__What is expected__: The data below should be transcribed in full, with no picture included.

__Provided material__:
++++++++++

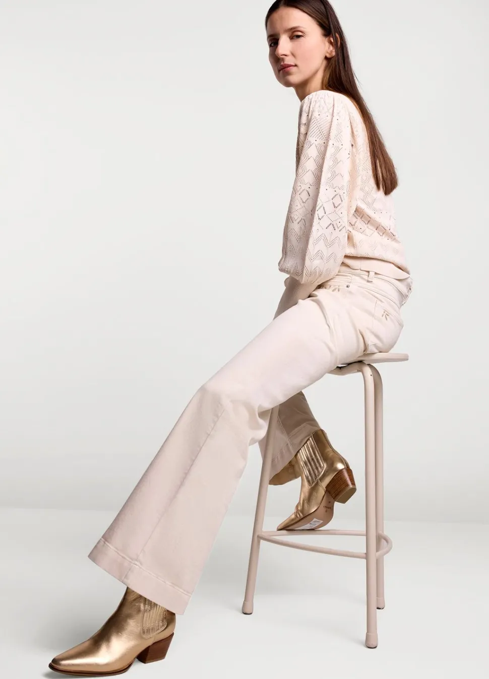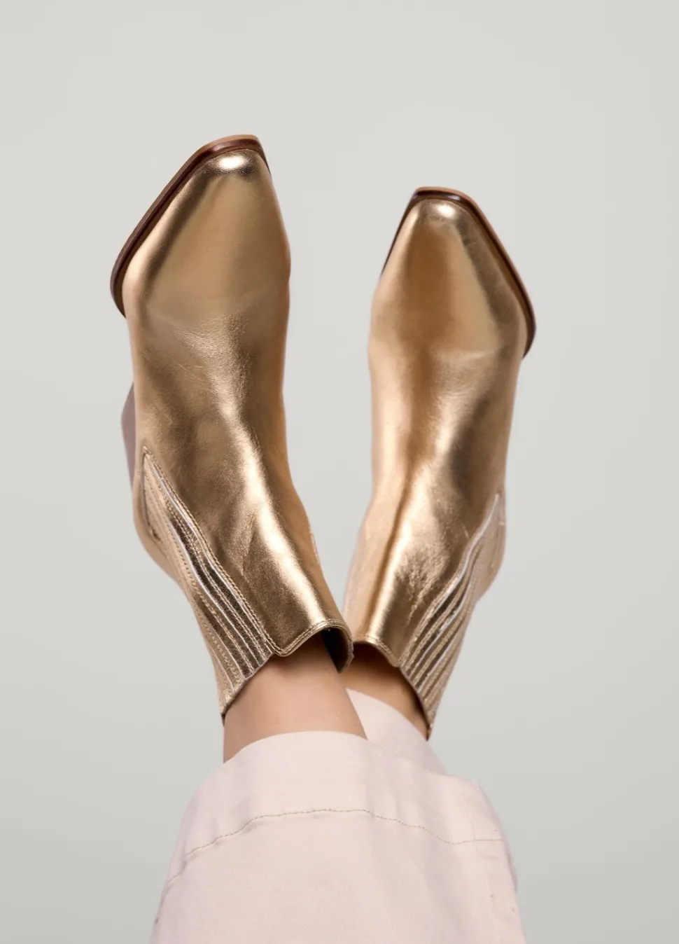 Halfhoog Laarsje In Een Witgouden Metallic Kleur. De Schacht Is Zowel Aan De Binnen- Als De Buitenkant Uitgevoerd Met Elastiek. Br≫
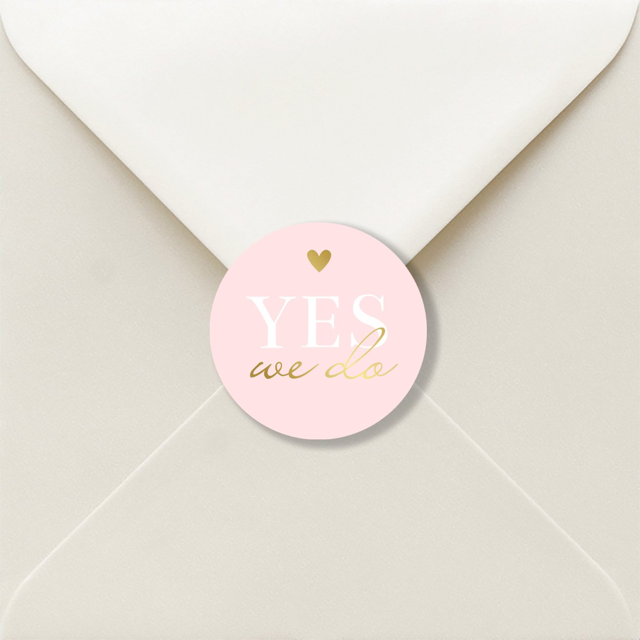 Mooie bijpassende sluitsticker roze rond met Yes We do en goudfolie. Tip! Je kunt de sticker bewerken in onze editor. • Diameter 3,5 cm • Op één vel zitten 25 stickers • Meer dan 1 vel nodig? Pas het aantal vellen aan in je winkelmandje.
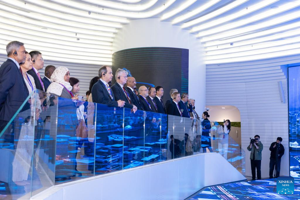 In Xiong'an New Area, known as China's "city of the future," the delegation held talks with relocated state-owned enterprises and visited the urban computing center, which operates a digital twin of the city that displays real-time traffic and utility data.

++++++++++

__Response__:
 Halfhoog Laarsje In Een Witgouden Metallic Kleur. De Schacht Is Zowel Aan De Binnen- Als De Buitenkant Uitgevoerd Met Elastiek. Br≫
 Mooie bijpassende sluitsticker roze rond met Yes We do en goudfolie. Tip! Je kunt de sticker bewerken in onze editor. • Diameter 3,5 cm • Op één vel zitten 25 stickers • Meer dan 1 vel nodig? Pas het aantal vellen aan in je winkelmandje.
 In Xiong'an New Area, known as China's "city of the future," the delegation held talks with relocated state-owned enterprises and visited the urban computing center, which operates a digital twin of the city that displays real-time traffic and utility data.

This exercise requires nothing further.